[BioC] LIMMA: Why does eBayes expression differ from observed?
Edwin Groot
edwin.groot at biologie.uni-freiburg.de
Fri Jul 31 11:51:52 CEST 2009
On Thu, 30 Jul 2009 14:57:43 +0200
Axel.Klenk at Actelion.Com wrote:
>
> Dear Edwin,
>
> first of all, the code you have posted cannot work because it never
> assigns
> the results
> of your computations to any variables. In order to help you, we need
> to
> know at least
> 1) what code you have really run,
> 2) your refdesign matrix,
> 3) the values from topTable() and RG.MA() for at least one example
> probe,
> 4) HOW you backcalculated R, G, and FC from topTable(), and
> 5) the obligatory output of sessionInfo() although this doesn't
> really
> sound like a version issue. :-)
>
---
Here is the code, with minimal commenting:
> refdesign <- modelMatrix(targets, ref="WT")
> refdesign
cf1 mut1 mut1_cf1
[1,] 0 1 0
[2,] 1 0 0
[3,] 0 0 1
[4,] 0 1 0
[5,] 1 0 0
[6,] 0 0 1
[7,] 0 1 0
[8,] 1 0 0
[9,] 0 0 1
> RG <- read.maimages(targets$FileName, columns = list(G =
"gProcessedSignal", Gb = "gBGMeanSignal", R = "rProcessedSignal", Rb =
"rBGMeanSignal"), annotation= c("FeatureNum", "Row", "Col", "ProbeUID",
"ControlType", "ProbeName", "Description", "GeneName",
"SystematicName"))
> i <- RG$genes$ControlType==0
> RGnc <- RG[i,]
#RGnc already contains BG-subtracted and normalized intensities
> MA <- MA.RG(RGnc, bc.method="none")
#Intensity spread among arrays dissimilar
> MAAq <- normalizeBetweenArrays(MA, method="Aquantile")

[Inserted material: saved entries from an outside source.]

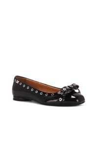 - Faux patent leather upper with faux leather sole - Made in Portugal - Slip-on styling - Faux leather lining - Bow detail and silver-tone grommets - Square toe - Revolve Style No. GANR-WZ130 - Manufacturer Style No. S2755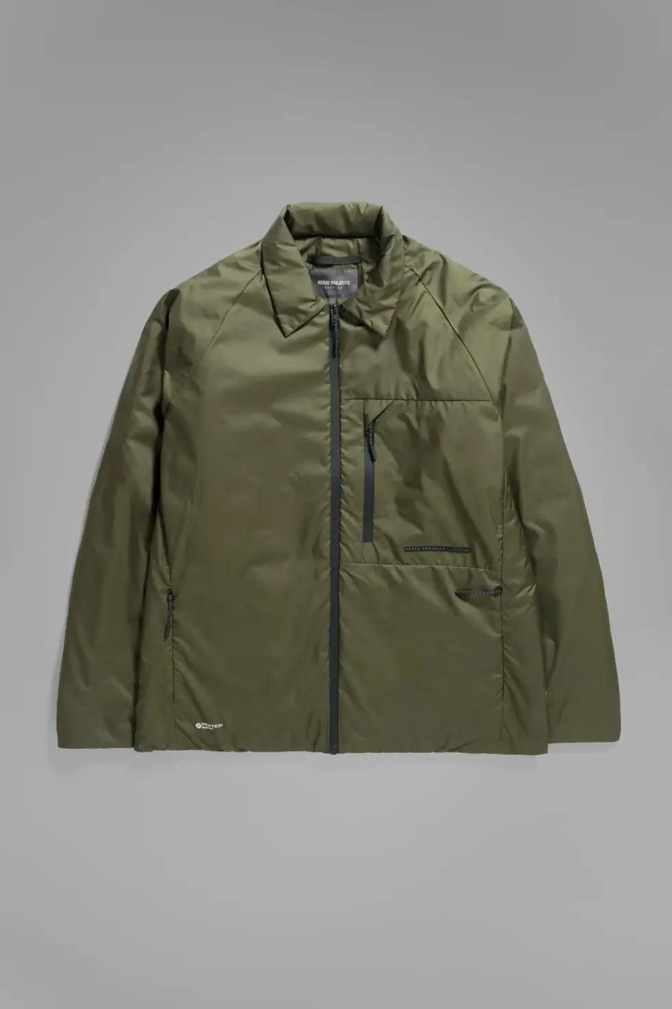 This material is designed to trap still air and improve insulation efficiency. It is 50% recycled and finished with another layer of protection using a PFC free DWR finish to effectively shed light rain and snow. As for thermal insulation, Norse Projects’ Pertex Quantum Midlayer Shirt uses Thermolite EcoMade insulation.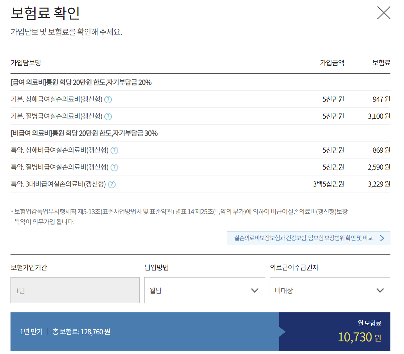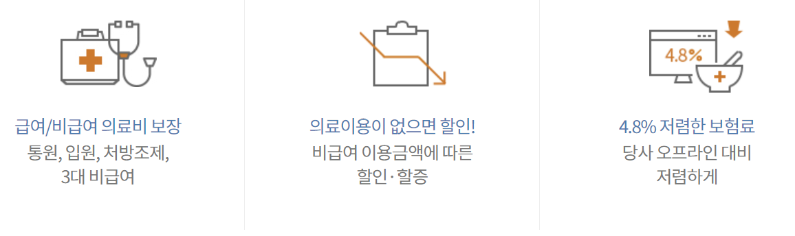다이렉트 전용 단독 실손 보험상품입니다.

> fit <- lmFit(MAAq, refdesign)
> fitWT <- eBayes(fit)
> RGAq <- RG.MA(MAAq)
> options(digits=2)
> out.mut1 <- topTable(fitWT, coef="mut1",
genelist=cbind(fit$genes$GeneName,RGnc$G[,1],RGnc$R[,1],RGAq$G[,1:9],RGnc$G[,1],RGAq$R[,1],RGAq$R[,4],RGAq$R[,7],RGnc$R[,1]))

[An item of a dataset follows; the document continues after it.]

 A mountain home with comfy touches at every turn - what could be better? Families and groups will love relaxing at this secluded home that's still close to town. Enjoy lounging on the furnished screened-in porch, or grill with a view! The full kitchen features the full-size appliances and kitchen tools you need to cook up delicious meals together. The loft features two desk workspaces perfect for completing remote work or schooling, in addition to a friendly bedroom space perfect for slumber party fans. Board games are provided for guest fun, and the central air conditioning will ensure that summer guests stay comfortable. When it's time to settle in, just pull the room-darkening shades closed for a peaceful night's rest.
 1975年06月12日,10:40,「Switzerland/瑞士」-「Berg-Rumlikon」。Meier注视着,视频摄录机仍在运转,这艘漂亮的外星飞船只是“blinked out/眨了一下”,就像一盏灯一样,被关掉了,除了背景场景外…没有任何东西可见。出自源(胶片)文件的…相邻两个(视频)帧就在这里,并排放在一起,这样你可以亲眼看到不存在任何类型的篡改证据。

#Average WT (green) intensity
> out.mut1[,2] <- (2*2^out.mut1$AveExpr)/(2^out.mut1$logFC+1)
#Average mut1 (red) intensity
> out.mut1[,3] <- (2*2^out.mut1$AveExpr)/(2^-out.mut1$logFC+1)
> out.mut1[,2:17] <- as.numeric(as.matrix(out.mut1[,2:17]))
#Calculated mean WT intensity
> for (g in 1:10) out.mut1[g,13] <-
mean(as.numeric(as.matrix(out.mut1[g,4:12])))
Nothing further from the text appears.